По ту сторону арки в крепостной стене убегающие вниз улицы Роты все еще несут на себе следы ущерба и грабежа. От свинцово-серого неба, от пропитанного влагой воздуха, от непрестанно моросящего дождя все кажется еще безрадостней — дома разграблены, улицы завалены обломками и мусором, разоренные войной люди христарадничают в подворотнях или кое-как обретаются в домах без крыш, натягивают вместо них парусиновые навесы или мастерят ненадежные дощатые настилы.
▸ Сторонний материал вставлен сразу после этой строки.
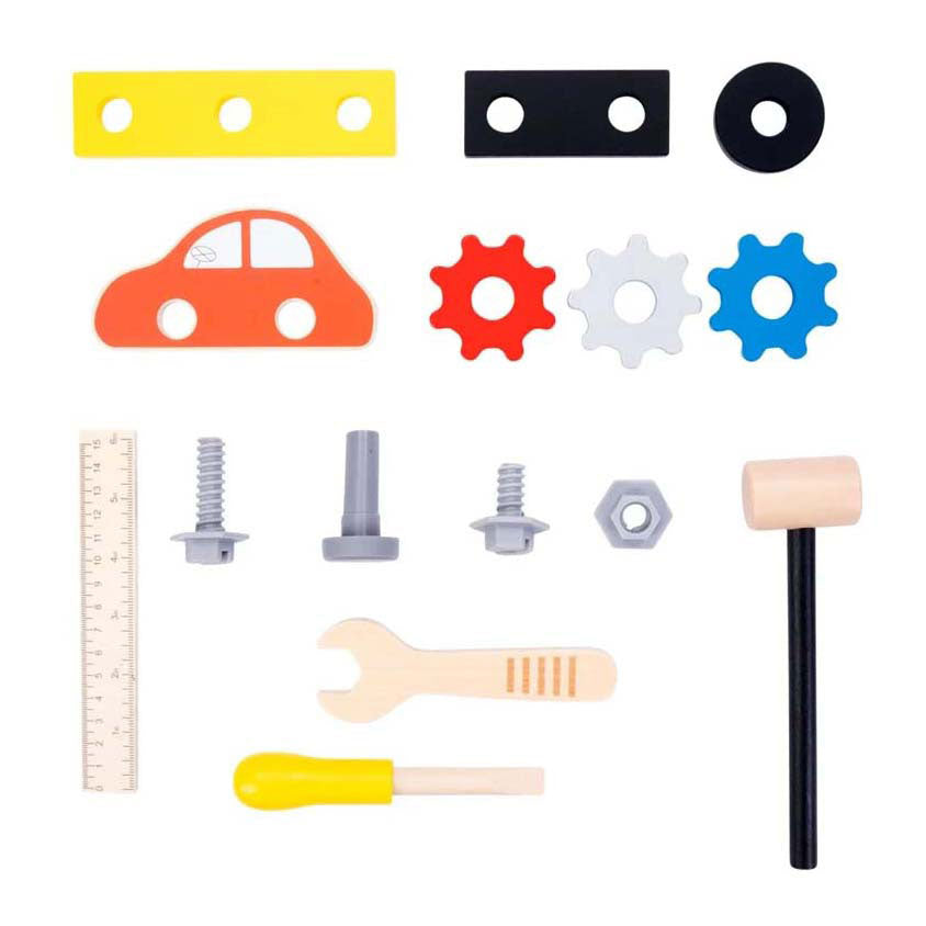 Ga aan de slag als een echte timmerman! Het gereedschapskistje met inhoud is gemaakt van hout en gemakkelijk mee te nemen. De gereedschapskist wordt geleverd met 33 realistische onderdelen om kinderen urenlang bezig te houden. De gereedschapskist bevat een hamer, schroevendraaier, liniaal, moersleutel, moeren en bouten, spijkers, tandwielen, auto, wielen, en planken met gaten. Dit educatieve speelgoed is perfect voor de ontwikkeling van de cognitieve vaardigheden van kinderen. Het houtwaardige houten materiaal staat garant voor functioneel speelplezier. De set bevat verf op waterbasis en kindvriendelijke materialen. Specificaties: Kleur: geel Materiaal: hout Geslacht: junior Breedte: 12 cm Hoogte: 15 cm Lengte: 25 cm
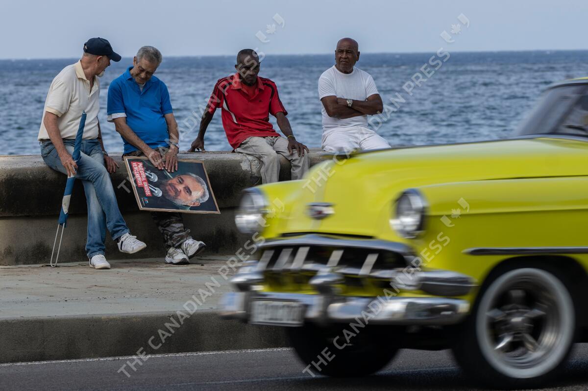 People sit on the malecon with an image of Fidel Castro as they wait for the arrival of the parade of the 65th anniversary of the arrival of Fidel Castro to the capital as head of the rebel Army in Havana, Cuba, Monday, Jan. 8, 2024. (AP Photo/Ramon Espinosa)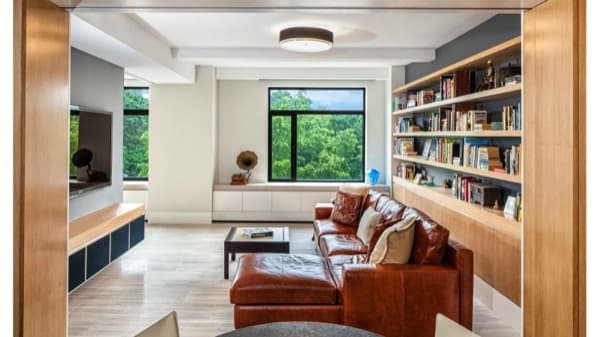 No cabe duda que se trata de una vivienda de habitaciones muy espaciosas con grandes ventanales. Posee una decoración un tanto ecléctica, e incluso hasta vintage, aunque la del salón necesita un retoque. Nos gusta especialmente la sala contigua para ver la televisión, con un cómodo sofá de cuero, y una estupenda librería al fondo. Y por supuesto el comedor, con los muebles justos y lámparas para crear un ambiente sobrio. La cocina tiene el aspecto de estar bien equipada, sobre todo en lo que respecta a frigorífico. Suponemos que la placa de cocina va acompañada de unas de esas campanas extractoras ocultas en el mueble de la encimera.

Исчезли даже решетки с окон. Заодно со всеми прочими городами этой комарки [48] отступающие французы опустошили и Роту, во множестве учинив там убийства, насилия и грабежи. Тем не менее нашлись женщины, по доброй воле увязавшиеся за императорской армией. Геррильеры, отловив неподалеку от Хереса четырнадцать изменниц, которые шли с отставшим обозом, шестерых убили, а прочих, обрив им головы, выставили на публичное позорище под табличкой «Французовы подстилки».
48
Комарка — единица административного деления в Испании.
Пройдя между приходской церковкой — двери выломаны, внутри все ободрано дочиста — и старым замком, Лолита остановилась в нерешительности, пытаясь понять, куда идти, и свернула налево — к большому зданию, до сих пор сохранившему на кирпичных стенах следы давнишнего обрызга [49] и облупившейся красной охры. Старый Сантос с зонтиком под мышкой покуривает у входа. При виде хозяйки бросает сигару и устремляется навстречу, на ходу открывая зонтик, но Лолита движением руки останавливает его:
49
Обрызг — первый слой штукатурки.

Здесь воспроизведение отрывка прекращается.